Significance: This stage effectively "denoises" and "densifies" the input, emulating the high-quality data required by state-of-the-art mesh generators. It acts as a probabilistic prior, guarding against overfitting to sparse artifacts.

B. Stage 2: Structured Mesh Generation (Autoregressive Transformer)

Once the clean intermediate point cloud ( $P_{out}$ ) is recovered, it is used to condition an autoregressive transformer to generate the final mesh.

Tokenization: The recovered point cloud is tokenized into a sequence ( $T_P$ ) using a pre-trained point cloud encoder.
Generation: A Decoder-only Transformer (based on MeshAnything V2) autoregressively generates the mesh token sequence ( $T_M$ ) conditioned on $T_P$ .
Output: The tokens are detokenized into a final, low-polygon, topologically consistent mesh ( $M$ ).

C. The "Loosely Cascaded" Paradigm

The key innovation is the loose coupling of these two stages. Unlike end-to-end models that struggle with the domain gap between raw points and meshes, BuildAnyPoint uses the intermediate point cloud as a bridge. This allows the diffusion model to focus on geometric recovery and the transformer to focus on topological structure, leveraging the strengths of both generative paradigms.

3. Key Contributions

First Generalizable Framework: The first method capable of performing 3D building abstraction across diverse point cloud distributions (Airborne LiDAR, SfM, and extreme sparse sampling) without requiring hand-crafted architectural grammars or specific pre-processing.
Loca-DiT Architecture: A novel loosely-cascaded design that synergizes hierarchical sparse diffusion (for robust geometric recovery) with autoregressive sequence modeling (for structured mesh generation).
Dual-Stage Recovery: The explicit recovery of a dense, uniform intermediate point cloud ( $P_{out}$ ) serves as a critical structural guide, enabling the subsequent mesh generator to produce high-fidelity results even from extremely sparse inputs.
State-of-the-Art Performance: The method achieves superior results in both final mesh quality and intermediate point cloud completion benchmarks.

4. Experimental Results

The method was evaluated on the Building-PCC benchmark (50k instances from The Hague and Rotterdam) across three scenarios: Airborne LiDAR, SfM, and Sparse Sampling.

Mesh Abstraction Quality:
- Metrics: Outperformed baselines (City3D, Point2Building) in Vertex Count (#V), Face Count (#F), Plane Count (#P), Failure Rate (FR), and Chamfer Distance (CD).
- Results: Achieved the lowest CD (0.036) and 0% failure rate, compared to Point2Building's 1% failure rate and higher CD (0.043). It successfully reconstructed complex geometries (e.g., slanted roofs) that grammar-based methods failed to capture.
Point Cloud Completion:
- The intermediate recovered point clouds ( $P_{out}$ ) were evaluated as a standalone completion task.
- Results: Achieved the best F-score (0.91), CD (0.35), and Uniformity (0.04). The uniformity score was nearly an order of magnitude better than competitors, proving the method's ability to generate evenly distributed points essential for meshing.
Ablation Studies:
- Removing the coarse latent grid ( $G_d$ ) led to chaotic point clouds.
- Removing the fine latent grid ( $G_s$ ) caused a "double-surface effect."
- Replacing the transformer with a traditional solver (using the recovered points) resulted in invalid surfaces, confirming the necessity of the autoregressive component.

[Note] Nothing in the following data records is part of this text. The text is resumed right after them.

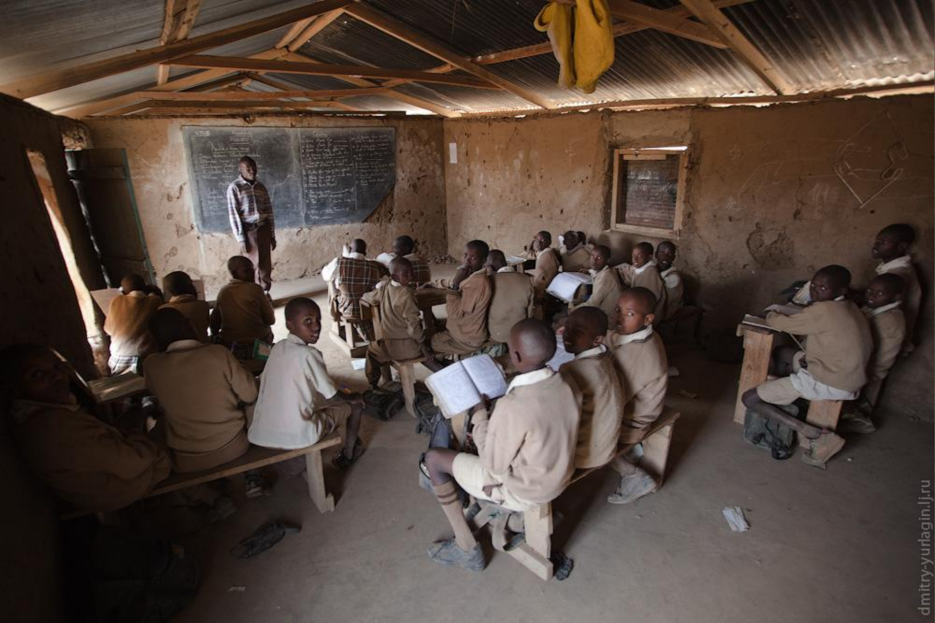
Начальная школа в Кении
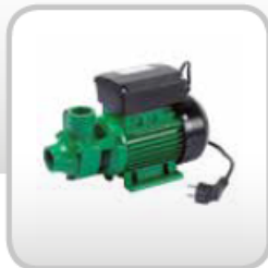
Kuro užpildymo įranga
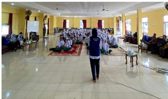
Gambar 2. Penyampaian materi

Kegiatan Pengabdian kepada Masyarakat (PkM) berupa sosialisasi pencegahan dan kekerasan seksual di lingkungan STIKes Piala Sakti Pariaman yang telah dilakukan pada hari Selasa tanggal 03 Desember 2024 berjalan dengan lancar sesuai yang diharapkan. Sosialisasi dilakukan tepat pada pukul 08.30 WIB pagi sampai selesai. Kegiatan ini diikuti oleh seluruh warga STIKes Piala Sakti Pariaman dengan penuh perhatian. Berikut beberapa foto dokumentasi yang berhasil diabadikan oleh tim Pengabdian kepada Masyarakat adalah sebagai berikut.
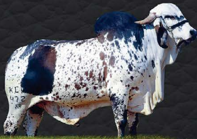
C.A. SANSÃO - AVÔ MATERNO

- Último parto em 18/05/2020; - Produção diária em controle oficial: 39,0kg; - Lactação oficial em andamento: 92 dias - 2.845,46kg.
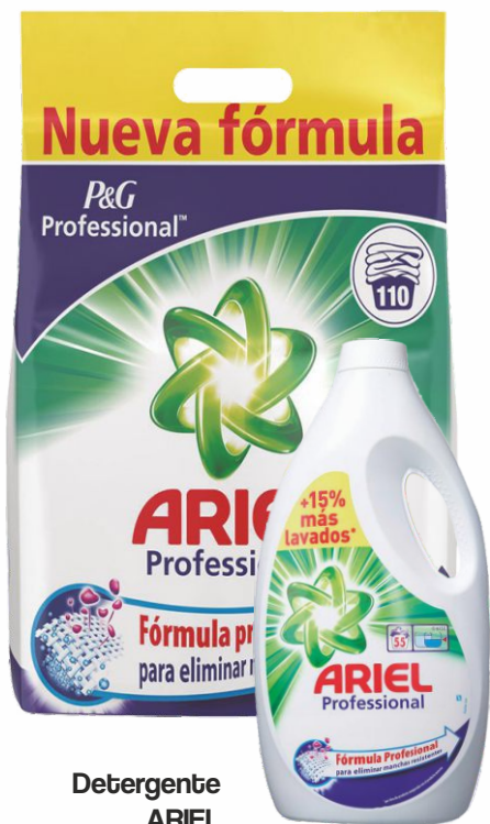
Detergente ARIEL Saco 110 dosis

5. Significance and Impact

Robustness to Real-World Data: By decoupling geometric recovery from mesh generation, the framework overcomes the limitations of current methods that fail on the noisy, sparse, and irregular data typical of real-world urban sensing (LiDAR/SfM).
Digital Twin & Urban Planning: The ability to generate clean, structured, and low-polygon meshes from raw sensor data is critical for creating scalable digital twins, disaster simulations, and navigation systems.
Modularity: The framework is modular; the diffusion and transformer components can be upgraded independently as the respective fields (3D diffusion and autoregressive mesh generation) advance.
Future Direction: The work highlights the potential of using explicit 3D generative priors to solve ill-posed reconstruction problems, suggesting a path toward more flexible and data-efficient 3D reconstruction systems.